Your objective: Keep the wording of every entry exactly as it is while leaving the pictures out of your copy.

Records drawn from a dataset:
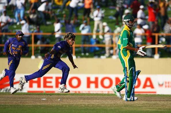 Chasing 209 for victory, South Africa were cruising all along. Suddenly in the 45th over of the game, Malinga changed the course of the match with two wickets in the last two balls of the over. He came back again in the 47th over to pick up two wickets in his first two balls.
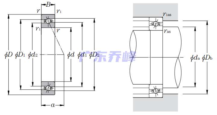 | 超高速角接觸球軸承 - HSF型 - 尺寸 | |
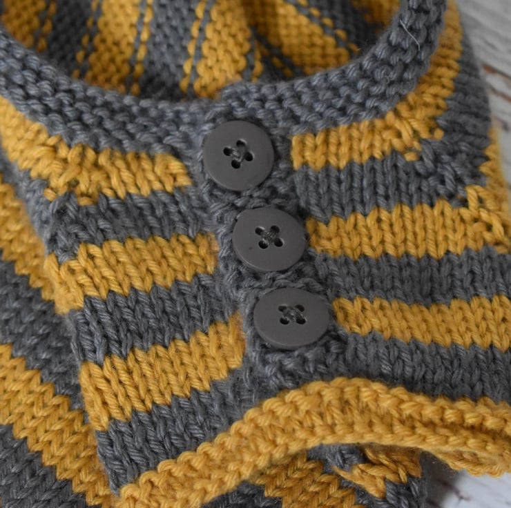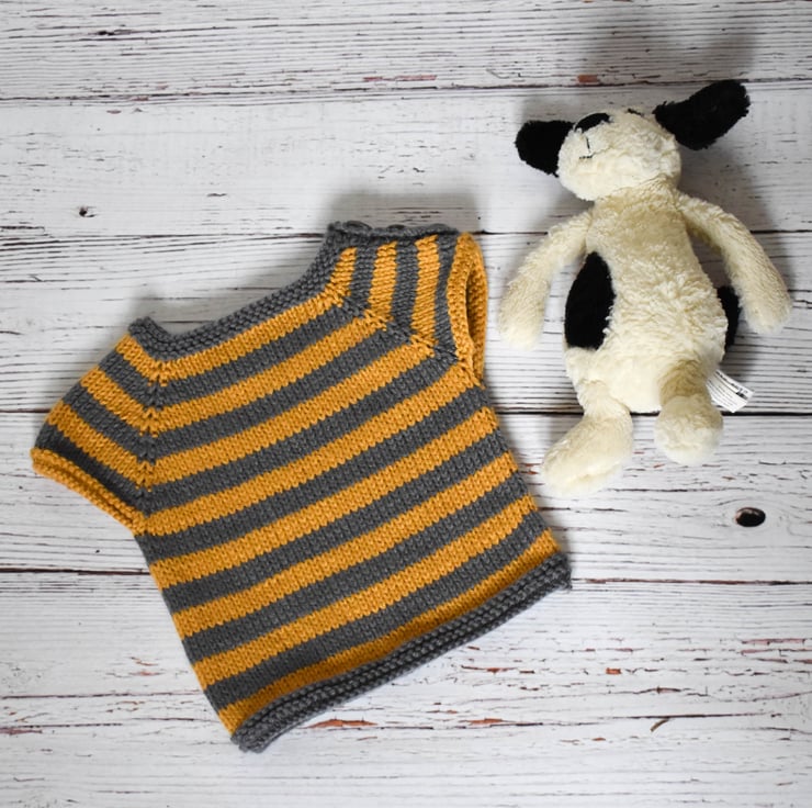 Hand Knitted Baby Top - Grey and Ochre stripes- 0-3months
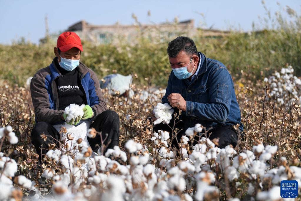 10月15日,尉犁县古勒巴格乡巴西买里村棉农尔肯·热衣木(右)和拾花工在棉田交流。尔肯·热衣木为拾花工开出每公斤2.5元的手工费,一名熟练的拾花工每天收入超过200元。新华社记者 赵戈 摄
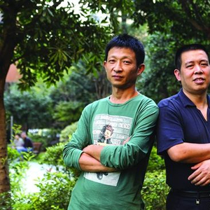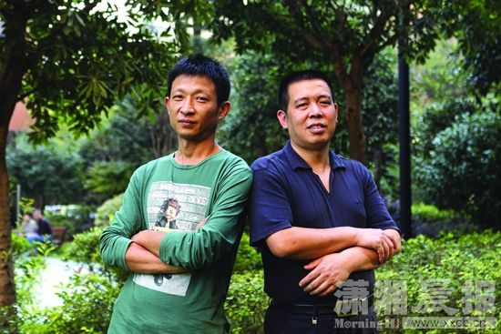 长沙谜语传承人王炜(左)和喻继贤。图/潇湘晨报记者 陈正
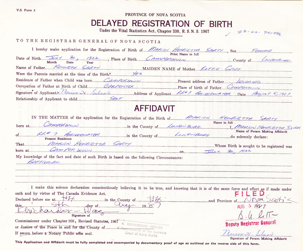 Date of Birth July 30, 1922 Place of Birth CamperdownCounty of Lunenburg
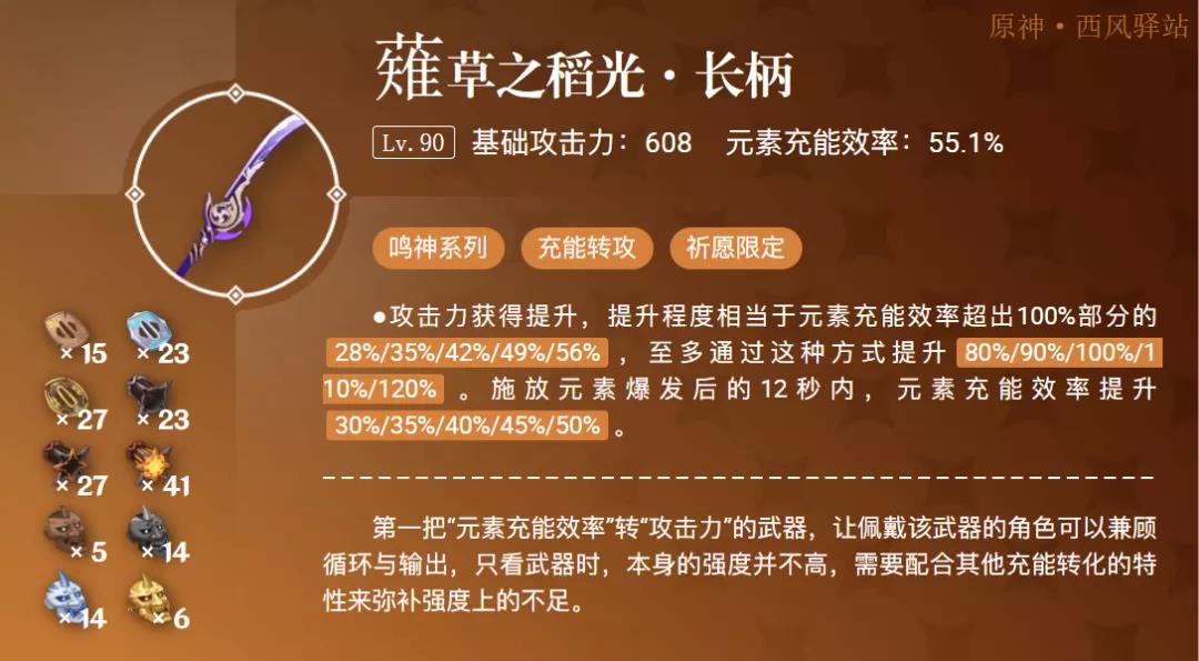 和雷电将军「固有天赋二」还有绝缘四件套类似,属于对元素充能效率的二次利用,单独看此武器的转化率:
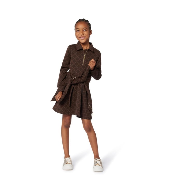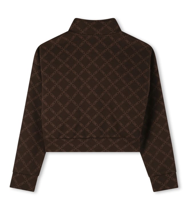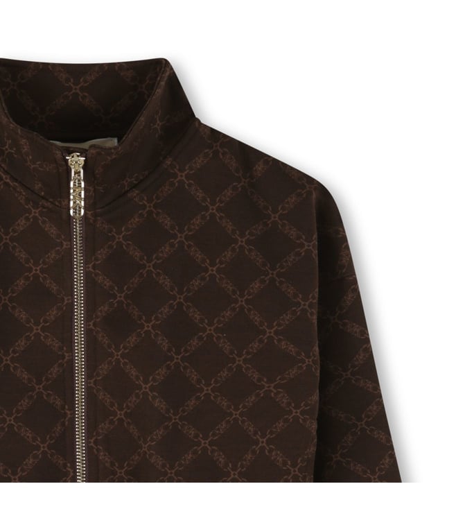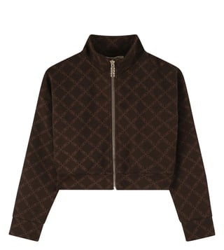 Elevate your wardrobe with the Michael Kors Brown Cardigan. This luxurious double jersey cardigan features an all-over MK empire print, adding a touch of sophistication to any outfit. The branded zip fastening on the front and pockets on the sides provide both style and functionality. Made from a blend of polyester, viscose, and elastane, this cardigan offers comfort and versatility. Stay cozy and chic with this must-have piece from Michael Kors.
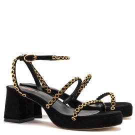 SANDÁLIA SALTO MÉDIO GIO MILANINA LARROUDÉ PRETO
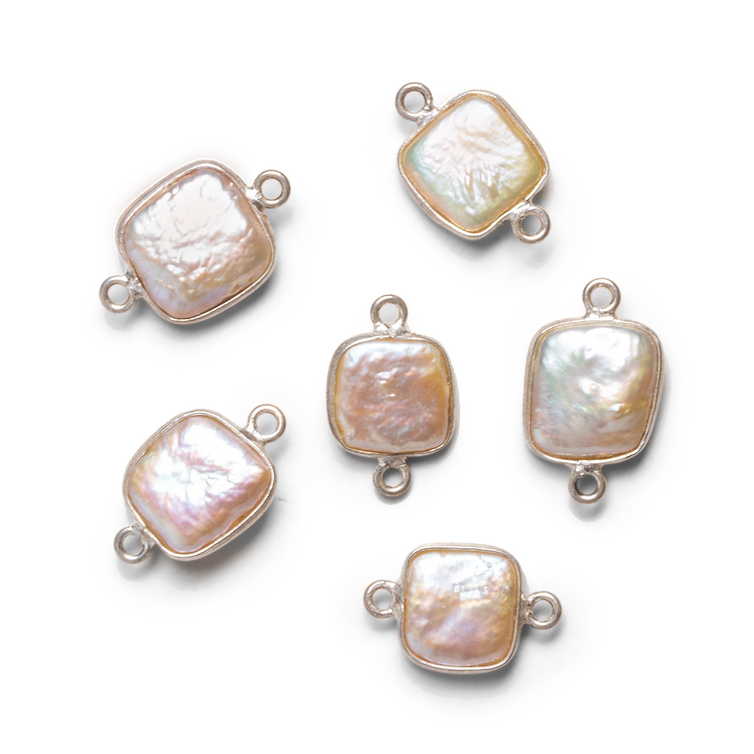 Pearls measure 17x12mm. These beautiful pieces show off a square shape with a pink to white coloration full of warm overtones. Experience our exciting connectors at their best enveloped in our signature silver bezel. These pearl focal offerings are ideal for bringing together a necklace, earrings and a wide variety of Jewelry Designs.
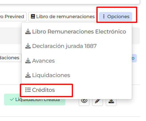 - Haz clic en Opciones y luego a la sección de Créditos.
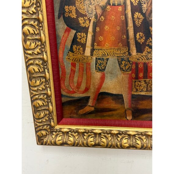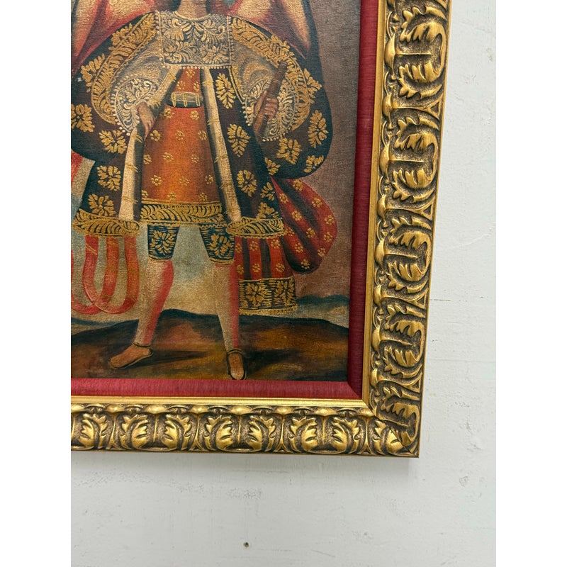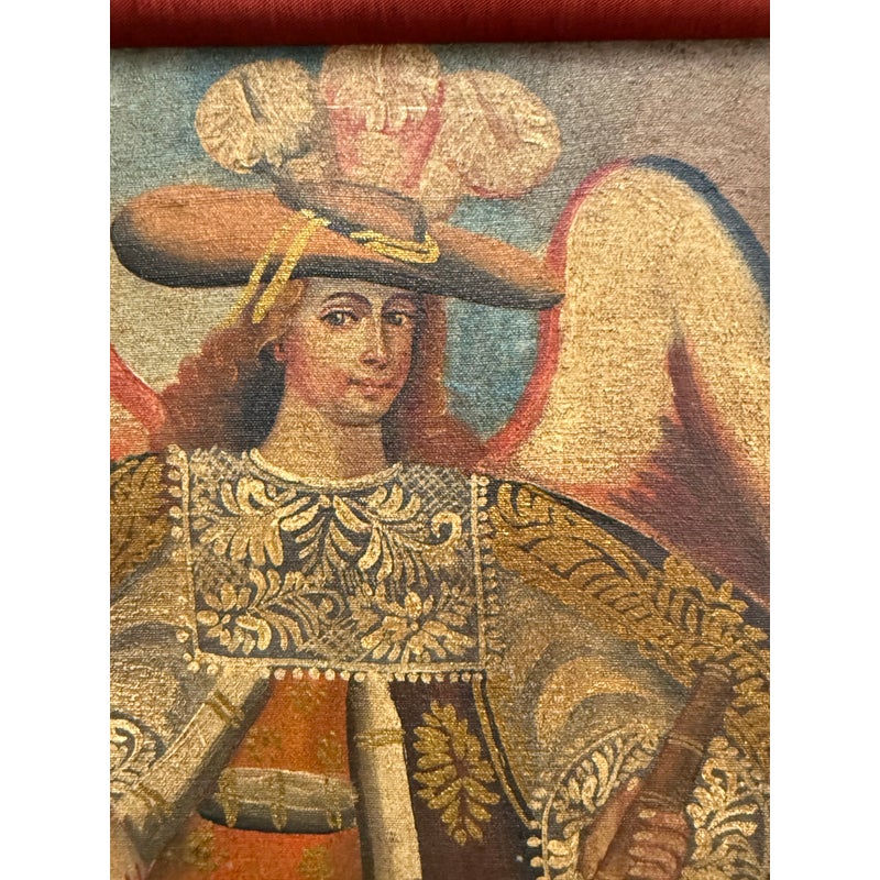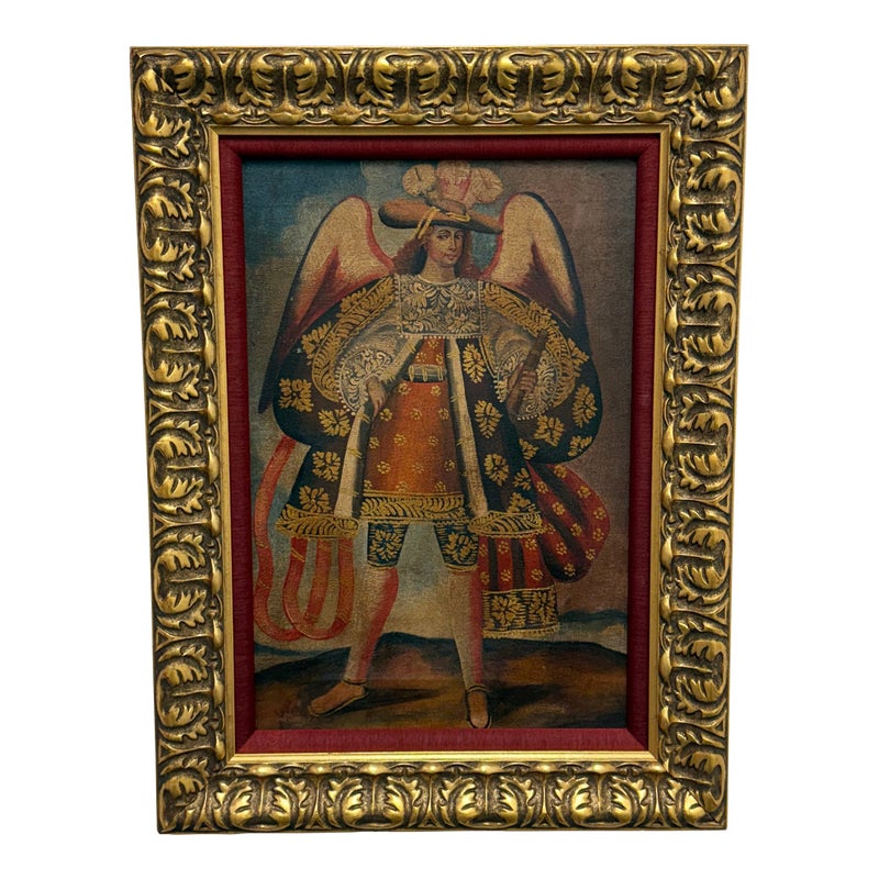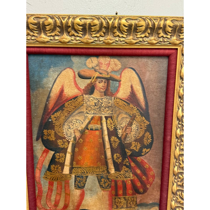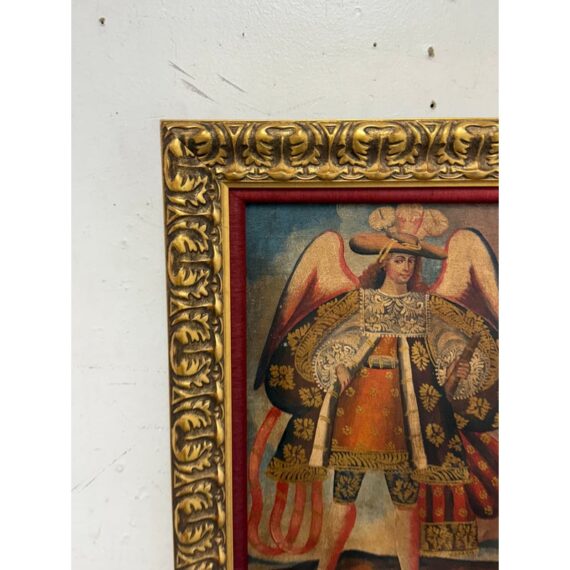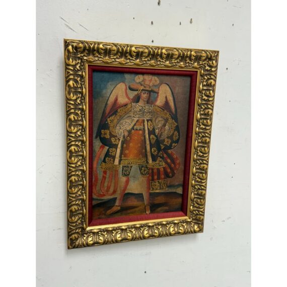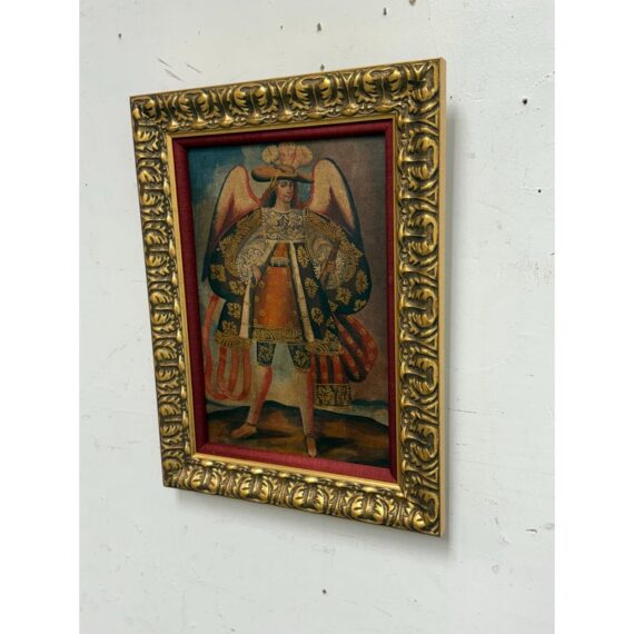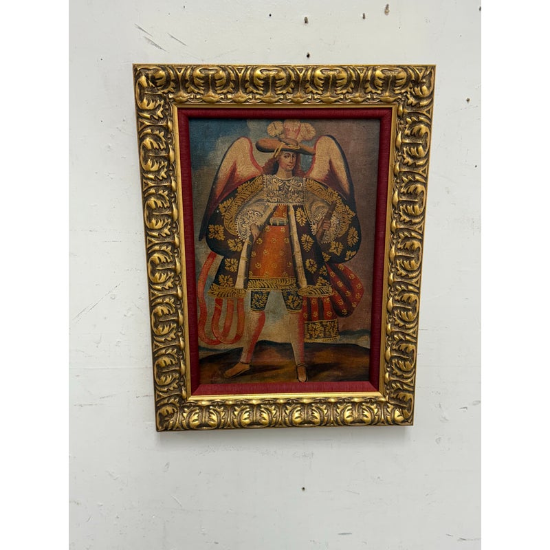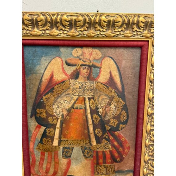 Design Plus Gallery presents an Oil Painted of Archangel Uriel from the Cuzco School of Painting. This dramatic portrayal of the Archangel Uriel is a fine example of the tradition of “Archangel Arcabuceros”. Uriel is known as the angel of wisdom. He shines the light of God’s truth into the darkness of confusion. Uriel means “God is my light” or “fire of God.” Other spellings of his name include Usiel, Uzziel, Oriel, Auriel, Suriel, Urian and Uryan. He faithful turn to Uriel for help seeking God’s will before making decisions, learning new information, solving problems, and resolving conflicts. They also turn to him for help letting go of destructive emotions such as anxiety and anger, which can prevent believers from discerning wisdom or recognizing dangerous situations. The art piece is elaborately framed in an extraordinary golden frame custom from Michael’s. Overall the art piece is in good condition for its usage.

Response area:
 Chasing 209 for victory, South Africa were cruising all along. Suddenly in the 45th over of the game, Malinga changed the course of the match with two wickets in the last two balls of the over. He came back again in the 47th over to pick up two wickets in his first two balls.
 | 超高速角接觸球軸承 - HSF型 - 尺寸 | |
 Hand Knitted Baby Top - Grey and Ochre stripes- 0-3months
 10月15日,尉犁县古勒巴格乡巴西买里村棉农尔肯·热衣木(右)和拾花工在棉田交流。尔肯·热衣木为拾花工开出每公斤2.5元的手工费,一名熟练的拾花工每天收入超过200元。新华社记者 赵戈 摄
 长沙谜语传承人王炜(左)和喻继贤。图/潇湘晨报记者 陈正
 Date of Birth July 30, 1922 Place of Birth CamperdownCounty of Lunenburg
 和雷电将军「固有天赋二」还有绝缘四件套类似,属于对元素充能效率的二次利用,单独看此武器的转化率:
 Elevate your wardrobe with the Michael Kors Brown Cardigan. This luxurious double jersey cardigan features an all-over MK empire print, adding a touch of sophistication to any outfit. The branded zip fastening on the front and pockets on the sides provide both style and functionality. Made from a blend of polyester, viscose, and elastane, this cardigan offers comfort and versatility. Stay cozy and chic with this must-have piece from Michael Kors.
 SANDÁLIA SALTO MÉDIO GIO MILANINA LARROUDÉ PRETO
 Pearls measure 17x12mm. These beautiful pieces show off a square shape with a pink to white coloration full of warm overtones. Experience our exciting connectors at their best enveloped in our signature silver bezel. These pearl focal offerings are ideal for bringing together a necklace, earrings and a wide variety of Jewelry Designs.
 - Haz clic en Opciones y luego a la sección de Créditos.
 Design Plus Gallery presents an Oil Painted of Archangel Uriel from the Cuzco School of Painting. This dramatic portrayal of the Archangel Uriel is a fine example of the tradition of “Archangel Arcabuceros”. Uriel is known as the angel of wisdom. He shines the light of God’s truth into the darkness of confusion. Uriel means “God is my light” or “fire of God.” Other spellings of his name include Usiel, Uzziel, Oriel, Auriel, Suriel, Urian and Uryan. He faithful turn to Uriel for help seeking God’s will before making decisions, learning new information, solving problems, and resolving conflicts. They also turn to him for help letting go of destructive emotions such as anxiety and anger, which can prevent believers from discerning wisdom or recognizing dangerous situations. The art piece is elaborately framed in an extraordinary golden frame custom from Michael’s. Overall the art piece is in good condition for its usage.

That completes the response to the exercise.